▸ **PROBLEM DETAILS**
Please return the records below exactly as they appear, leaving every picture out.

Collected data entries
****************************************
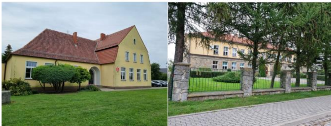
Fotografia 21. Widok na placówki oświatowe w Chudobie i Gronowicach.
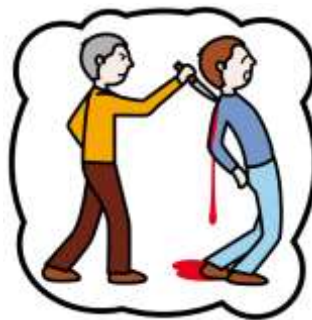
Limpiador de escenas del crimen
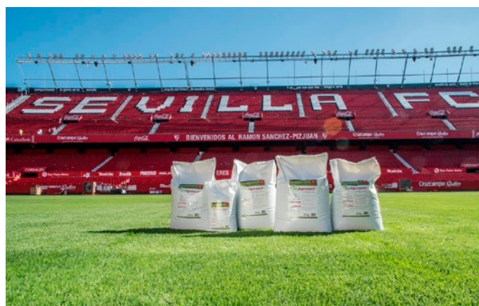
FC Sevilla si affida a BioAgenasol® profigreen per ottenere il miglior manto erboso.
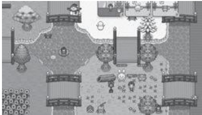
▲仮想空間のイメージ図

アバター（分身のキャラクター）で参加するため、顔出しは不要です。仮想空間の中で、同じ時間を過ごしたり、チャットや音声で交流することができます。交流日には、市町の動画配信や各種案内のほか、クイズや座談会などのイベントも開催します。「話すのは少し不安」という人は、空間にいるだけの参加も大歓迎です。また、相談日には保健師や社会福祉士などに、チャットや音声で相談することもできます。ご自身のペースで、安心してご参加ください。
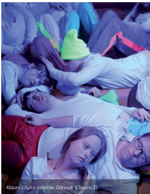
Klauni, czyli o rodzinie. Odcinek 3 Teatru 21

Wykład Polskie odznaki wojskowe. Barwy i symbolika wygłosi Jarosław Łuczak, na wystawie Arcydziela sztuki grawerskiej... Wielkopolskie Muzeum Wojskowe g. 12
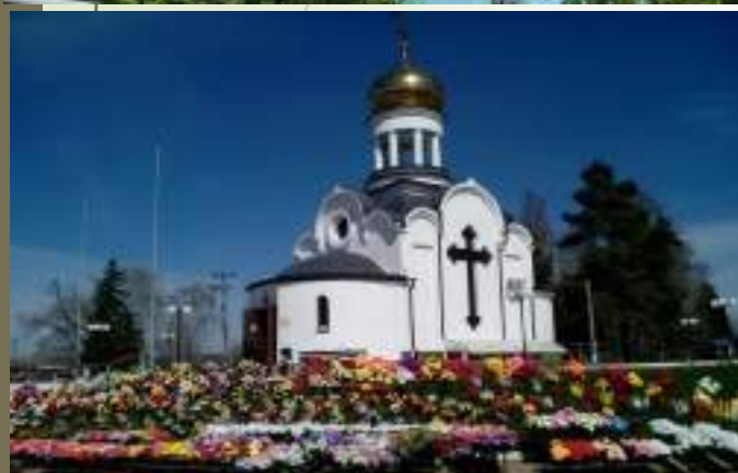
Храм-часовня Петра и Павла
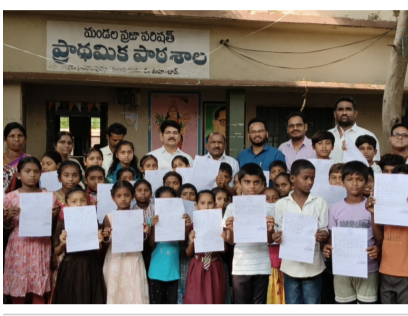
నమస్తే భారత్ :- మురిపెడ సీతారాంపురం ప్రాథ
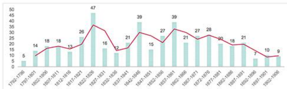
Figure 1 : Rythme des parutions de 1792 à 1902 (lissage sur 5 ans).

Parmi les résultats déjà publiés 9 , l'un des plus spectaculaires est le graphe réordonnant les titres par date d'édition (fig. 1). Cette visualisation, où la question de la représentation se déplace sur le terrain de l'image, montre en effet que les parutions, loin de décliner après l'Empire avec la « ruine complète » de l'école de Delille, thèse soutenue notamment par Sainte-Beuve et largement reprise ensuite, ont au contraire presque constamment dépassé ce niveau de 1820 à 1890, avec plusieurs pics notables, dont le premier coïncide avec le développement du romantisme poétique, tandis que la décrue n'intervient qu'à partir des années 1870.
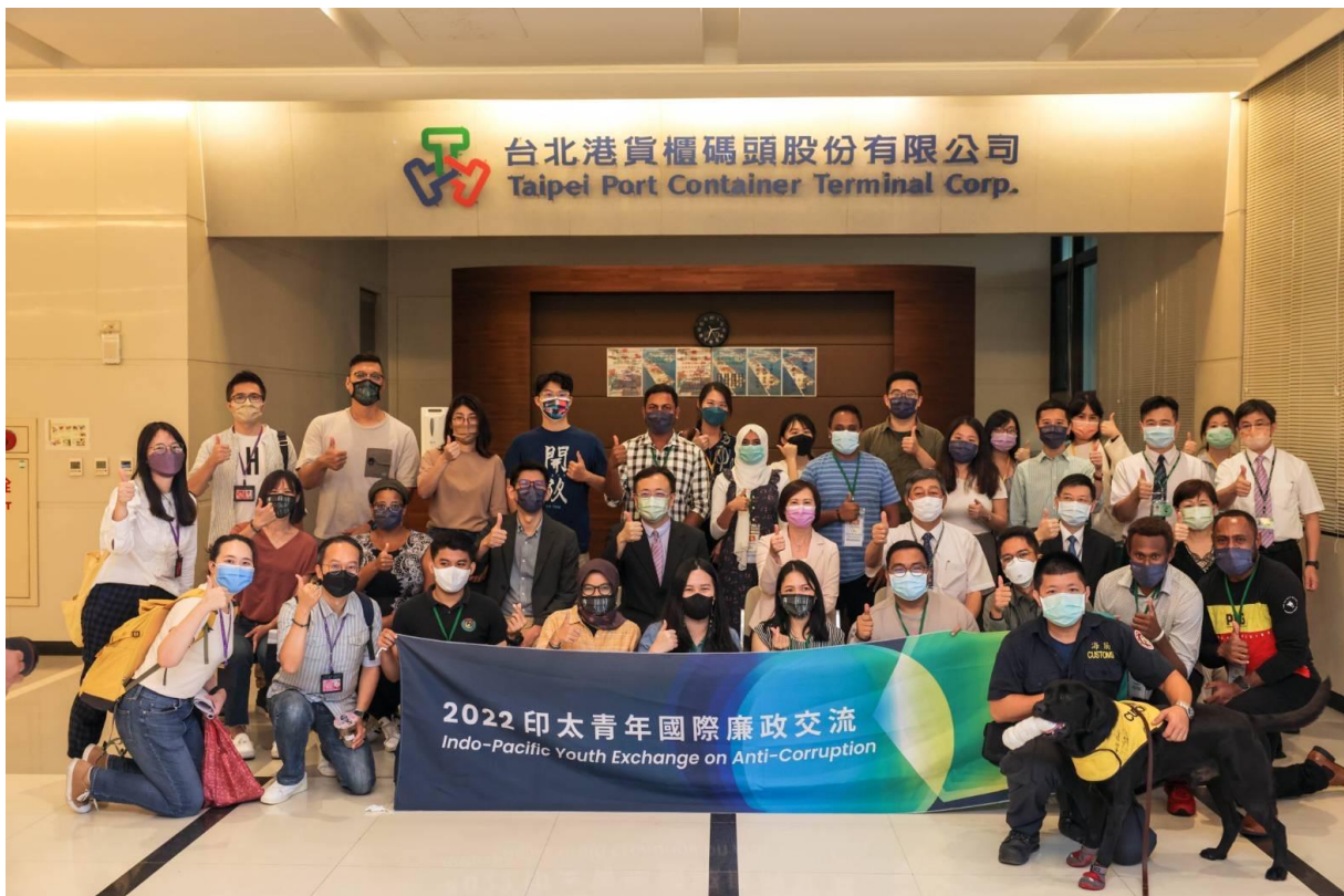
編號 6：9 月 1 日財政部關務署基隆關臺北港參訪活動合影
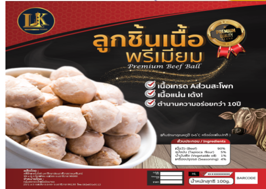
ภาพที่ 1.5 แบบบรรจุก้อนลูกชิ้นเนื้อ

2. บรรจุก้อนลูกชิ้นเนื้อ มีลักษณะเป็นถุงใสซิล สูญญากาศ ขนาด 20 x 25 เซนติเมตร ติดสติ๊กเกอร์ ด้านหน้าบนบรรจุก้อนจะมีภาพและรายละเอียดต่าง ๆ เกี่ยวกับผลิตภัณฑ์ปรากฏด้านหน้าบรรจุก้อน เช่น โลโก้ กลุ่ม คุณสมบัติของผลิตภัณฑ์ ราคา และน้ำหนัก
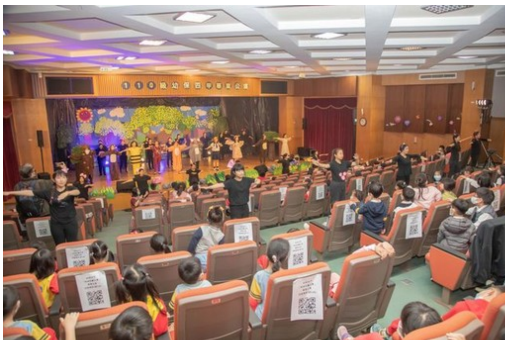
圖4：「奶奶的慶生會」兒童戲劇表演現場。
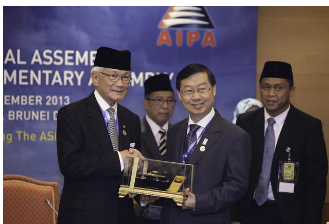
รองประธานวุฒิสภา คนที่หนึ่ง รับมอบของที่ระลึกจากประธานสถานิติบัญญัติบรูไนดารุสซาลาม
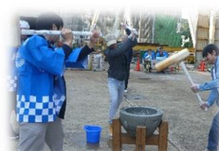
家族会でのもちつき
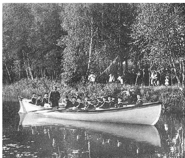
DOLINA LUIZY - WAGMOSTAW Pozostało piękne oczko wodne.
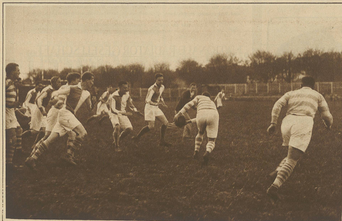
Ein Angriff der Heidelberger Dreiviertel
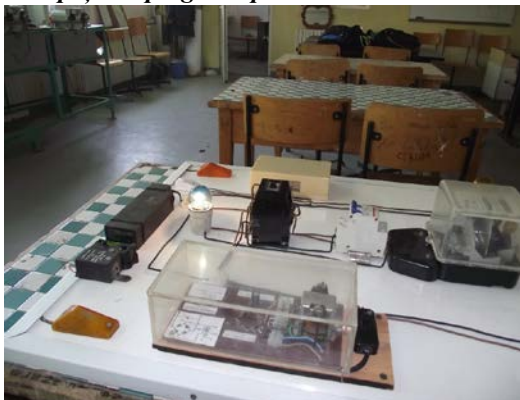
Spații de pregătire practică
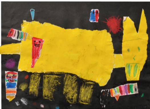
「ふしぎないきもの」小学部2年
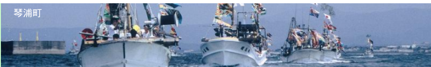
琴浦町は漁業も盛んなまち。赤碓港は、ハマチ、白イカ、アジなど新鮮な海の幸が水揚げされる
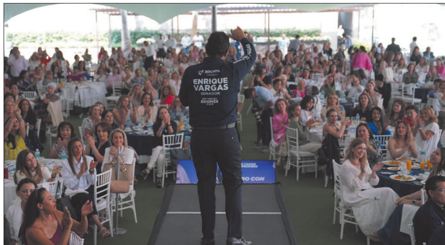
▲ Basta de ser comparsa de Morena, no tiene pretexto para no renunciar, dijo el candidato panista. Foto especial

▼ La candidata del PAN a la alcaldía de Huixquilucan anunció la construcción del “Parque La Reserva”, con grandes atracciones. Foto especial
****************************************
▸ **RESPONSE TO THE EXERCISE**
Fotografia 21. Widok na placówki oświatowe w Chudobie i Gronowicach.
Limpiador de escenas del crimen
FC Sevilla si affida a BioAgenasol® profigreen per ottenere il miglior manto erboso.
▲仮想空間のイメージ図

アバター（分身のキャラクター）で参加するため、顔出しは不要です。仮想空間の中で、同じ時間を過ごしたり、チャットや音声で交流することができます。交流日には、市町の動画配信や各種案内のほか、クイズや座談会などのイベントも開催します。「話すのは少し不安」という人は、空間にいるだけの参加も大歓迎です。また、相談日には保健師や社会福祉士などに、チャットや音声で相談することもできます。ご自身のペースで、安心してご参加ください。
Klauni, czyli o rodzinie. Odcinek 3 Teatru 21

Wykład Polskie odznaki wojskowe. Barwy i symbolika wygłosi Jarosław Łuczak, na wystawie Arcydziela sztuki grawerskiej... Wielkopolskie Muzeum Wojskowe g. 12
Храм-часовня Петра и Павла
నమస్తే భారత్ :- మురిపెడ సీతారాంపురం ప్రాథ
Figure 1 : Rythme des parutions de 1792 à 1902 (lissage sur 5 ans).

Parmi les résultats déjà publiés 9 , l'un des plus spectaculaires est le graphe réordonnant les titres par date d'édition (fig. 1). Cette visualisation, où la question de la représentation se déplace sur le terrain de l'image, montre en effet que les parutions, loin de décliner après l'Empire avec la « ruine complète » de l'école de Delille, thèse soutenue notamment par Sainte-Beuve et largement reprise ensuite, ont au contraire presque constamment dépassé ce niveau de 1820 à 1890, avec plusieurs pics notables, dont le premier coïncide avec le développement du romantisme poétique, tandis que la décrue n'intervient qu'à partir des années 1870.
編號 6：9 月 1 日財政部關務署基隆關臺北港參訪活動合影
ภาพที่ 1.5 แบบบรรจุก้อนลูกชิ้นเนื้อ

2. บรรจุก้อนลูกชิ้นเนื้อ มีลักษณะเป็นถุงใสซิล สูญญากาศ ขนาด 20 x 25 เซนติเมตร ติดสติ๊กเกอร์ ด้านหน้าบนบรรจุก้อนจะมีภาพและรายละเอียดต่าง ๆ เกี่ยวกับผลิตภัณฑ์ปรากฏด้านหน้าบรรจุก้อน เช่น โลโก้ กลุ่ม คุณสมบัติของผลิตภัณฑ์ ราคา และน้ำหนัก
圖4：「奶奶的慶生會」兒童戲劇表演現場。
รองประธานวุฒิสภา คนที่หนึ่ง รับมอบของที่ระลึกจากประธานสถานิติบัญญัติบรูไนดารุสซาลาม
家族会でのもちつき
DOLINA LUIZY - WAGMOSTAW Pozostało piękne oczko wodne.
Ein Angriff der Heidelberger Dreiviertel
Spații de pregătire practică
「ふしぎないきもの」小学部2年
琴浦町は漁業も盛んなまち。赤碓港は、ハマチ、白イカ、アジなど新鮮な海の幸が水揚げされる
▲ Basta de ser comparsa de Morena, no tiene pretexto para no renunciar, dijo el candidato panista. Foto especial

▼ La candidata del PAN a la alcaldía de Huixquilucan anunció la construcción del “Parque La Reserva”, con grandes atracciones. Foto especial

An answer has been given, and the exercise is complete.